- _Recorded data_:

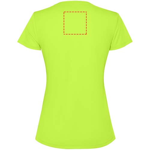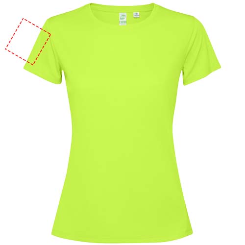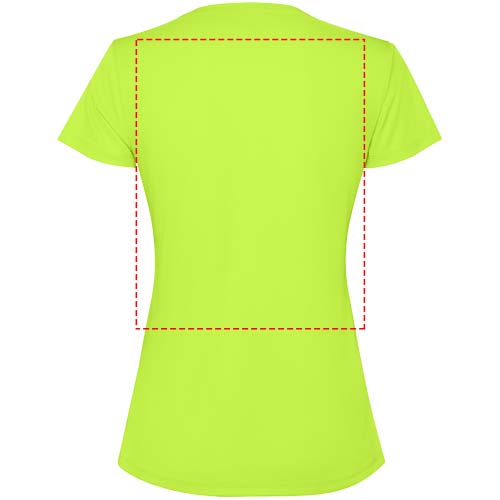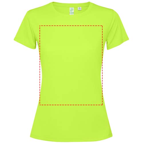 Getailleerd technisch T-shirt met korte mouwen voor dames. Kraag met bijpassende naden. De zoom aan de achterkant is iets langer dan aan de voorkant. Zijnaden naar voren verschoven.
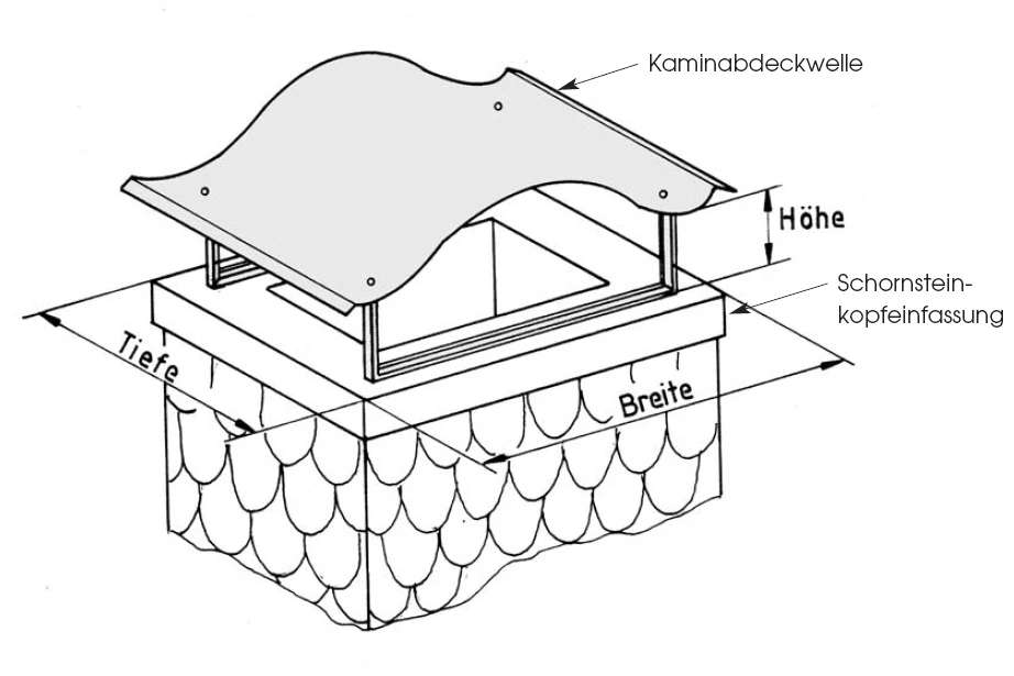 Aus Kupfer in der Materialstärke 1,0 mm in verschiedenen Kopfmaßen zur Abdeckung von Schornsteinschächten.
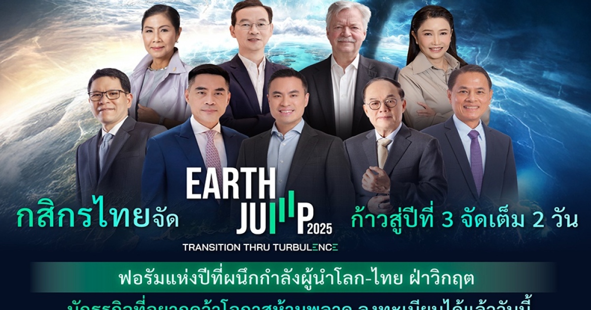 กสิกรไทยจัด EARTH JUMP ก้าวสู่ปีที่ 3 วันที่ 28-29 พ.ค. 68 ฟอรัมแห่งปีที่ผนึกกำลังผู้นำระดับโลก-ไทย ฝ่าวิกฤต นักธุรกิจที่อยากคว้าโอกาสห้ามพลาด ลงทะเบียนได้แล้ววันนี้
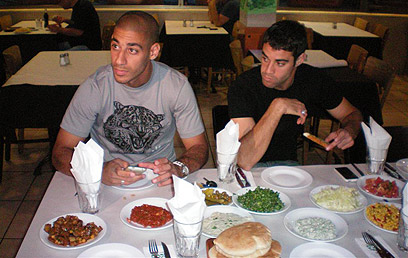 יניב קטן ושלומי ארבייטמן בארוחת הגיבוש (צילום: עדי סרדס)
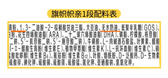 至于特色强化配方,它指的是一些商家宣传自家奶粉特别添加进去的,区别于其他品牌的营养素。旗帜帜亲各段数是添加了叶黄素、益生元组合(低聚半乳糖+低聚果糖)、OPO、少量水解蛋白。
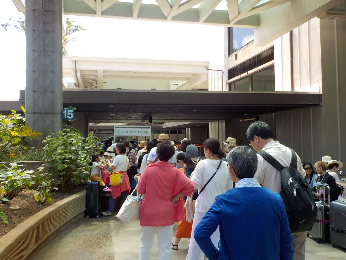 飛行機も満席でしたがダニエル・K・イノウエ空港も人で一杯。空港からホテルまでのシャトルバスは昨年も利用していたので乗車場所まで直行しました。番号を呼ばれバスまで案内してくれましたが荷物を大切に扱ってくれたので良かったです。席もタクシーと変わらない位の広さで快適だし、ホテルロビー前で荷物を丁寧に下ろしてくれ気持ちの良いハワイの旅がスタートできました。
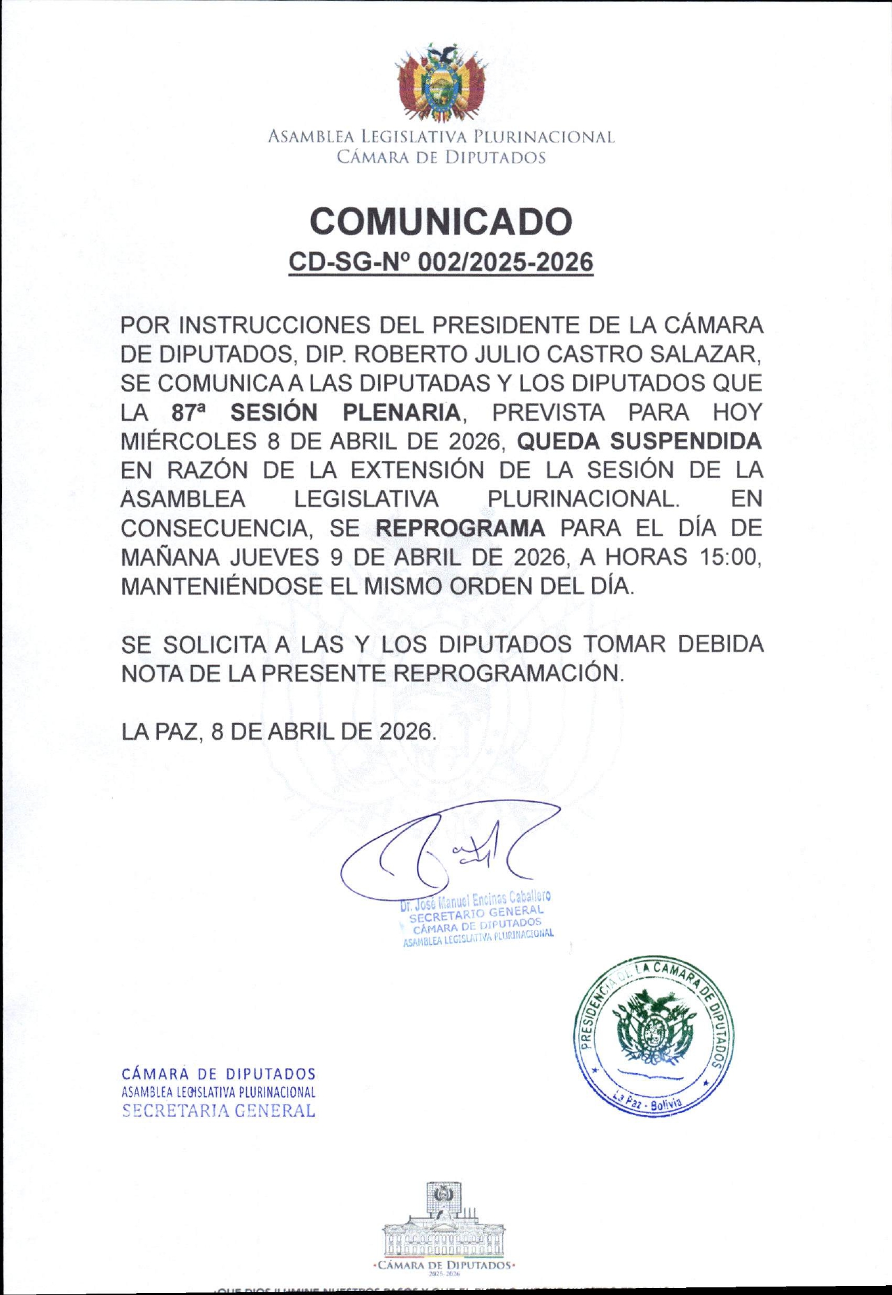 87ª SESIÓN ORDINARIA COMUNICADO + Añadir Google Calendar El evento está en curso. Fecha Abr 08 - 09 2026 En marcha... Categoría Sesiones Ordinarias
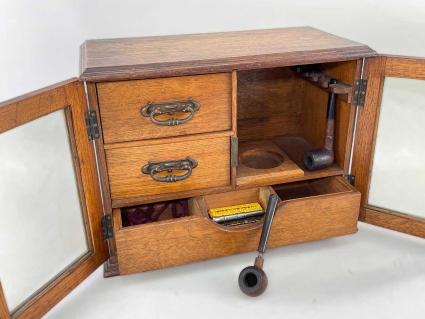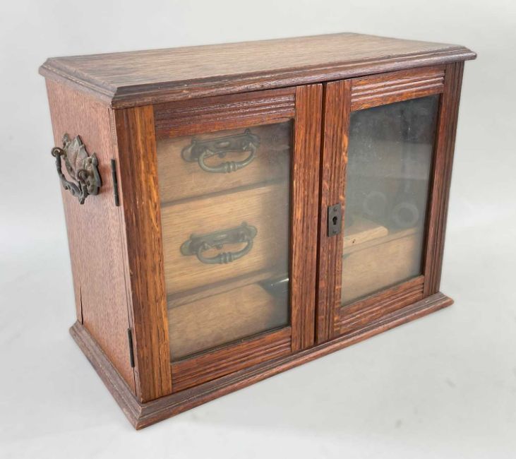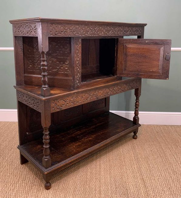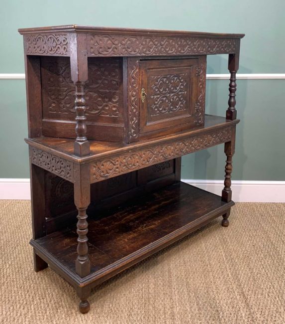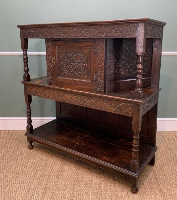 CHARITY LOT SUPPORTING OUR 2023 NOMINATED BENEFICIARY TENOVUS CANCER CARE comprising an assortment of furniture as follows: ELIZABETHAN-STYLE OAK COURT CUPBOARD, later carved, 124 w x 47 d x 127 h cms, FRENCH POTATO SCALE, by Fayard Freres, 84cms high, VICTORIAN OVAL WALL MIRROR, 56 x 67cm, MAHOGANY & WALNUT DRESSING TABLE MIRROR, 42W x 21.5d x 66cms h (a marriage), EDWARDIAN OAK SMOKER'S CABINET, with content, 29h x 39w x 19cm d, SMALL EARLY 20TH CENTURY STAINED BEECH ROCKING CHAIR, ASSORTED OCCASIONAL FURNITURE, including two-tier etagere, George III mahogany box base dressing table mirror, set 4 distressed side chairs with leather upholstery and a further three assorted side chairs not pictured, 20TH CENTURY MINIATURE DUTCH CABINET, QUEEN ANNE-STYLE WALNUT DRESSING TABLE MIRROR
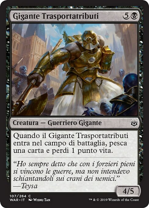 ![]() Variations— Parts— | Tithebearer Giant4 / 5 When this creature enters, you draw a card and you lose 1 life.

- _Action item_:
An acceptable answer consists of the lines above from the one holding "飛行機も満席でしたがダニエル" to the end of the data, repeated exactly and containing no pictures.

- _Solution_:
 飛行機も満席でしたがダニエル・K・イノウエ空港も人で一杯。空港からホテルまでのシャトルバスは昨年も利用していたので乗車場所まで直行しました。番号を呼ばれバスまで案内してくれましたが荷物を大切に扱ってくれたので良かったです。席もタクシーと変わらない位の広さで快適だし、ホテルロビー前で荷物を丁寧に下ろしてくれ気持ちの良いハワイの旅がスタートできました。
 87ª SESIÓN ORDINARIA COMUNICADO + Añadir Google Calendar El evento está en curso. Fecha Abr 08 - 09 2026 En marcha... Categoría Sesiones Ordinarias
 CHARITY LOT SUPPORTING OUR 2023 NOMINATED BENEFICIARY TENOVUS CANCER CARE comprising an assortment of furniture as follows: ELIZABETHAN-STYLE OAK COURT CUPBOARD, later carved, 124 w x 47 d x 127 h cms, FRENCH POTATO SCALE, by Fayard Freres, 84cms high, VICTORIAN OVAL WALL MIRROR, 56 x 67cm, MAHOGANY & WALNUT DRESSING TABLE MIRROR, 42W x 21.5d x 66cms h (a marriage), EDWARDIAN OAK SMOKER'S CABINET, with content, 29h x 39w x 19cm d, SMALL EARLY 20TH CENTURY STAINED BEECH ROCKING CHAIR, ASSORTED OCCASIONAL FURNITURE, including two-tier etagere, George III mahogany box base dressing table mirror, set 4 distressed side chairs with leather upholstery and a further three assorted side chairs not pictured, 20TH CENTURY MINIATURE DUTCH CABINET, QUEEN ANNE-STYLE WALNUT DRESSING TABLE MIRROR
 ![]() Variations— Parts— | Tithebearer Giant4 / 5 When this creature enters, you draw a card and you lose 1 life.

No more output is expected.